Even though sales are the lifeblood of any business, any sale is not complete until the account is paid. And if your accounts aren’t being paid, a comprehensive Credit Application will help you recover as much as possible.
So what information should you obtain in your Credit Application and why?
Successful businesses with the least number of debt recovery matters follow a checklist (like ours below) for information that should appear in every Credit Application. Follow it to make sure your Credit App has the APP-propriate information too:
Get The Basics Right
1. Identify the correct legal entity
What type of legal entity is the customer? Make sure you have a section for individual sole traders, partnerships (in which case you will need the names and details of all the partners), and companies. You may even need a space for a charity, an incorporated association or even a government agency.
2. Verify the legal entity
Remove the chance for errors in a customer’s legal entity by verifying the information before a credit account is approved. An online Credit Application will do this step for you in real time, and won’t let your customer proceed to the next stage until it’s done. If you don’t have an online application, make sure you do your own checks and balances manually.
3. Catch trading trusts
If the customer is a trading trust then you should verify the name of the trustee, obtain a copy of the Trust Deed and a list of all or potential adult beneficiaries. This will ensure that, in the event of default, you can take action against the trustee and attack the assets that are owned by the trustee.
4. Snapshot of the customer
What is the nature of the customer’s business? How long has the customer been in business and how many employees does it have? If your potential customer has been in business for a very short time, has very few employees and is looking for a large facility then these are all warning signs of a heightened risk.
5. Comply with Privacy Laws
Ensure the relevant Privacy Act consents are provided and agreed to by the customer. This is so that you can make enquiries of credit reporting agencies and share any credit related information with your insurers, service providers, other related companies and other credit reporting agencies.

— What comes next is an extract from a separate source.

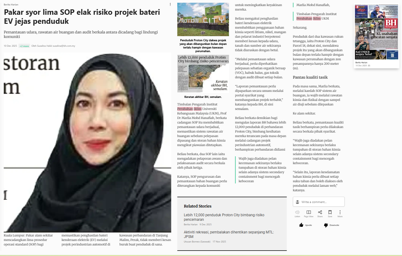 Suzalina Halid (2025) Pakar syor lima SOP elak risiko projek bateri EV jejas penduduk. Berita Harian. |

Assets And Other Information
This is probably the only time that you’ll get this type of information from a potential customer – when they want something from you. Leverage it now to help you determine creditworthiness:-
1. Property
Find out whether the customer owns, rents or is buying it’s business premises or personal residence. It might seem nosey at first, but the answer can provide an indication of the customer’s financial stability for you to consider. You are not your customer’s banker; you are extending credit privileges and have a right to ask questions so that you can determine whether the customer is worthy of that privilege.
2. Bank Account
Find out who the customer banks with and what its bank account details are. This information can be useful in the event of default and when you may be trying to recover your debt by garnisheeing the customer’s bank account.
3. History of Insolvency
Ask about whether the customer has ever been made bankrupt and, if so, the circumstances surrounding past insolvency. Bankruptcy is not uncommon but ideally the causes have been overcome and will not cause similar issues in the future.
Insider Tips
By strengthening your Credit Application as much as you can, the Credit Application will work for you (not the other way around):
1. Information about the Owners
If the applicant customer is a company, trust or other type of agency, make sure you get information about the individual directors or owners. This will allow you to do more searches on the individuals behind a business, and help you decide whether to ask for a Personal Guarantee.
2. Industry Knowledge
You should ask whether your customer has any credit accounts (or applications) with other suppliers in the same industry. Often a customer who is struggling will go to another supplier and try and open a new account, rather than pay the existing supplier. You do not need a non-paying customer, let them cause someone else some grief and look after your existing loyal customers first.
3. Don’t rule out the spouse
Ask for the full name, date of birth and home address for the spouse of each owner. It’s common for people to go “missing” when the account stops being paid, so this will give you a known address and contact details if you need to locate your debtors. The full name and date of birth also helps you to distinguish common names.
4. Take warranties
To shut down common arguments about staff members or other unauthorised people signing contracts, ensure that you obtain a warranty from the person signing the Credit Application that they have the business’ power and authority to do so. Also ensure that the person signing the Credit Application attests to the accuracy and truthfulness of the information they’re providing – if it’s not, they could be personally liable for any indebtedness caused by their incorrect statement.
Conclusion
Overall, the value of receivables is often one of the largest assets on a balance sheet and it has to be managed. Lowering DSO’s and minimising bad debts is critical, but successful businesses know that the real cost of a bad debt is based on your net profit margin. If your margin is 10% and you write off $1,000, it will take $10,000 worth of sales just to get you back to square one. Trying to get paid is not the time to realise you could have done more at the very beginning to protect that asset far more effectively, if only your Credit Application had been more thorough.